受診の目安・受診の知恵 更新日:公開日:

赤ちゃん・新生児のしゃっくり — 止めても大丈夫?

赤ちゃん(新生児)のしゃっくりはとてもよくある自然な現象で、横隔膜の動きの調節がまだ未熟なために起こります。ほとんどは数分〜十数分で自然に止まるので、無理に止める必要はありません。呼吸が苦しそう・顔色が悪い・授乳できない、というときだけは受診してください。

結論:しゃっくりは「止めなくてよい」もの。見るのは哺乳・呼吸・体重です

新生児のしゃっくりは、病気のサインではありません。そもそも止める必要がないというのが、いちばんお伝えしたいことです。

赤ちゃんはしゃっくりの最中でも、たいてい平気な顔をしています。苦しそうにしていない、いつもどおり飲めている、体重が増えている——この 3 つが保たれていれば、何もしなくて大丈夫です。
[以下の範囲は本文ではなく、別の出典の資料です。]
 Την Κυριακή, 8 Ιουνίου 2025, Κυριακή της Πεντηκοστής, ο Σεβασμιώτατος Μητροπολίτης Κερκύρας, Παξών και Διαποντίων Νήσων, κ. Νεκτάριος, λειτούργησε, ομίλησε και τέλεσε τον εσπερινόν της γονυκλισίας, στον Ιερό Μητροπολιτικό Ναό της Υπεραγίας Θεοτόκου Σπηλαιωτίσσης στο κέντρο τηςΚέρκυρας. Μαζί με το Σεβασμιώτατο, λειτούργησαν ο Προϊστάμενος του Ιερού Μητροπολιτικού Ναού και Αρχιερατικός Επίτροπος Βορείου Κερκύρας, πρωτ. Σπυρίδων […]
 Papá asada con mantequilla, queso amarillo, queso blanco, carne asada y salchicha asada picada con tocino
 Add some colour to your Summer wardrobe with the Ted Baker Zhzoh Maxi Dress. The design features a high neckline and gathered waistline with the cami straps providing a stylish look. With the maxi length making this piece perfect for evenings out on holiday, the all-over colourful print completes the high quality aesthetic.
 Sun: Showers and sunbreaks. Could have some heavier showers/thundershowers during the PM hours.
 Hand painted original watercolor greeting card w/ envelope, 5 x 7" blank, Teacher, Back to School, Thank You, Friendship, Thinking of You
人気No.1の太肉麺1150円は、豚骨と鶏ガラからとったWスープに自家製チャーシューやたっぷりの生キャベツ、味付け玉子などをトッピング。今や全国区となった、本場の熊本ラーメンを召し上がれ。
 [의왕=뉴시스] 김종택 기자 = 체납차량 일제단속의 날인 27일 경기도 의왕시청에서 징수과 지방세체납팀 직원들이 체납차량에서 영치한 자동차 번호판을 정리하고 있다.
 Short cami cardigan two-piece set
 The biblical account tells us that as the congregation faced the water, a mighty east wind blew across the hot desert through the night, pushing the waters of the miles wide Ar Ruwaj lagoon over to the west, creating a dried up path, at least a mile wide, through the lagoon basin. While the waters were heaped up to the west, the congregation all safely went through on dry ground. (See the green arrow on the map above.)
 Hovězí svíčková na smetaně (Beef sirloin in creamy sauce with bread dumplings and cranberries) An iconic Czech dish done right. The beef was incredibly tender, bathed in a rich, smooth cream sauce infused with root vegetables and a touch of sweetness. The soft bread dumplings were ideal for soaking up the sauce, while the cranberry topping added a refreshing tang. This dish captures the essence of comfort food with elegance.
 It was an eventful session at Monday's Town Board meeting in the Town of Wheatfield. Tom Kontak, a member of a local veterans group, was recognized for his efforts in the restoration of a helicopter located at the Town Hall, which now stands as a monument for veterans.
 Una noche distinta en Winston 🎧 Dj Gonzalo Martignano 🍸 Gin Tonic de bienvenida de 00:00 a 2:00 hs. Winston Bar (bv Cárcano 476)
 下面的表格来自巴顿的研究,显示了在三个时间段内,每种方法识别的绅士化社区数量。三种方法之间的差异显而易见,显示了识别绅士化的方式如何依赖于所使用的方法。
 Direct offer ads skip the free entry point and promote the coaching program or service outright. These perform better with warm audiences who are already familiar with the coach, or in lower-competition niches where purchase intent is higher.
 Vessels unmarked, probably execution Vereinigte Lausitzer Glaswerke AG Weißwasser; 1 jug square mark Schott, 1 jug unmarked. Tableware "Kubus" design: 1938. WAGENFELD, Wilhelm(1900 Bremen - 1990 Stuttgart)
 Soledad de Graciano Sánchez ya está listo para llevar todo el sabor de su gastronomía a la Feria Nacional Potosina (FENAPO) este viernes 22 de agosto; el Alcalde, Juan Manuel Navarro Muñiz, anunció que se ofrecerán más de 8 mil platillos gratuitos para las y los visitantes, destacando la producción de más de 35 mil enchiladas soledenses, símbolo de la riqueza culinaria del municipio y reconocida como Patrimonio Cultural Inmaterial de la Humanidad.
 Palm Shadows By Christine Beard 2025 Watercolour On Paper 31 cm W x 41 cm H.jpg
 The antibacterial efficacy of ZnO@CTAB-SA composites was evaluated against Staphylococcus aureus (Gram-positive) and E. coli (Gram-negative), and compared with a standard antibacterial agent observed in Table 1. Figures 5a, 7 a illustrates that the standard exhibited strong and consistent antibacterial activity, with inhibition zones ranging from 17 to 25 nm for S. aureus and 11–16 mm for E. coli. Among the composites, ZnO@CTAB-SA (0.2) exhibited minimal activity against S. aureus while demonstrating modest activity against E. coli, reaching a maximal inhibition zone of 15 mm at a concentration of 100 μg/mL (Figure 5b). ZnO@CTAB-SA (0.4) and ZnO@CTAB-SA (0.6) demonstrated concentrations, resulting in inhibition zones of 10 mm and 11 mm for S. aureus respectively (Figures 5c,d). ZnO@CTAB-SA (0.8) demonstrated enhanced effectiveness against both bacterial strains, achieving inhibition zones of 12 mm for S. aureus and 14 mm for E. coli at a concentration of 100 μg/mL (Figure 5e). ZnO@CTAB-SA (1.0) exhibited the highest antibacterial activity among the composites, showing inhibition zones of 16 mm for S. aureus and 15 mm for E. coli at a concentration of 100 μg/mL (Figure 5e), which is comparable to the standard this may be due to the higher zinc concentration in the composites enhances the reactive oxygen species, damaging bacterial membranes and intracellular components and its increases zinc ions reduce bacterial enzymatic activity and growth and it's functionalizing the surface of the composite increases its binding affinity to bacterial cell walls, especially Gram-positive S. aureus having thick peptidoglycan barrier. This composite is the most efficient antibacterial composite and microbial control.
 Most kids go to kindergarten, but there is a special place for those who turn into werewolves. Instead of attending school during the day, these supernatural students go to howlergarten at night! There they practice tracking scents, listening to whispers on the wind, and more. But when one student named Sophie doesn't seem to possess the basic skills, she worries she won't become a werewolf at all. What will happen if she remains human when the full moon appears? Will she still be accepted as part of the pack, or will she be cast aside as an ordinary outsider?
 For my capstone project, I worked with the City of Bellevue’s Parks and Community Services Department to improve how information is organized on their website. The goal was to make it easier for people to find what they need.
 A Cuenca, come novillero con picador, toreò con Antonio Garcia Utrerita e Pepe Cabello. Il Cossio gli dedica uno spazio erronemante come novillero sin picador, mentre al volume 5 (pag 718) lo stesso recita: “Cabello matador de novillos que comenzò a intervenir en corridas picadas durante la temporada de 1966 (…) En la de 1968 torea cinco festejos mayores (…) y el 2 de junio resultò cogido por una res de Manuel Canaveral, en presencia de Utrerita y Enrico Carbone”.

心配していただきたいのは、しゃっくりそのものではなく、しゃっくり以外のようすです。呼吸が苦しそう・顔色が悪い・授乳ができない、といったときは受診してください。

しゃっくりはどうして起きるのでしょうか

しゃっくり(吃逆)は、横隔膜と肋間筋が突然ふいに縮み、その直後にのどのフタ(声門)が急に閉じることで起こる反射です。縮んだ勢いで空気が一気に肺へ流れ込み、閉じた声門にぶつかって「ヒック」という音が鳴ります。

この反射には、横隔神経・迷走神経・交感神経を通る経路と、脳(延髄から中脳あたり)での調節が関わっていると考えられています。つまり、赤ちゃんが意識してやっていることでも、飲み方が下手だから起きることでもありません。

赤ちゃんにしゃっくりが多い理由は、いくつか重なっています。

  • 横隔膜の調節がまだ未熟 — 神経の働きが発達の途中で、ちょっとした刺激で反射が起きやすい状態です
  • 授乳で胃がふくらむ — 胃のすぐ上に横隔膜があるため、飲んだ直後は刺激を受けやすくなります
  • 温度の変化 — おむつ替えなどで体が冷えたときに出ることがあります

しゃっくりは、生まれる前から始まっています

意外に思われるかもしれませんが、しゃっくりはお腹の中にいるころから始まっています。

磁気を使って胎児の動きを調べた研究では、しゃっくりは受胎後 9 週という早い時期から現れ、妊娠 26 週より前では横隔膜の動きのなかでもっとも多いことが報告されています。妊娠中に「お腹が規則正しくピクピクした」という経験のある方は、それが赤ちゃんのしゃっくりだったのかもしれません。

生まれたあとの実測データもあります。新生児・乳児の呼吸を記録した研究では、しゃっくりを目的に選ばれたわけではない赤ちゃんが、記録時間の 2.5% をしゃっくりに費やしていました。1 回のしゃっくりが続いた時間は平均 8.4 分(±4.2 分)でした。「うちの子、やたらしゃっくりするな」という感覚は、気のせいではありません。

近年には、早産児・正期産児で横隔膜が縮むたびに脳波に反応が現れることを示した研究もあります。ただし、この研究が示したのは「脳がしゃっくりを感覚の入力として受け取っている」ということまでで、「しゃっくりが脳の発達を促す」と証明されたわけではありません(そう報じられることがありますが、論文そのものはそこまで述べていません)。

安全な止め方 — ただし「効く」と証明されたものはありません

先に正直にお伝えします。乳児のしゃっくりに対して「これが効く」と確かめられた方法は、いまのところありません。大人のしゃっくりを含めた総説論文でも、民間療法の類は「効果は不確実」とされています。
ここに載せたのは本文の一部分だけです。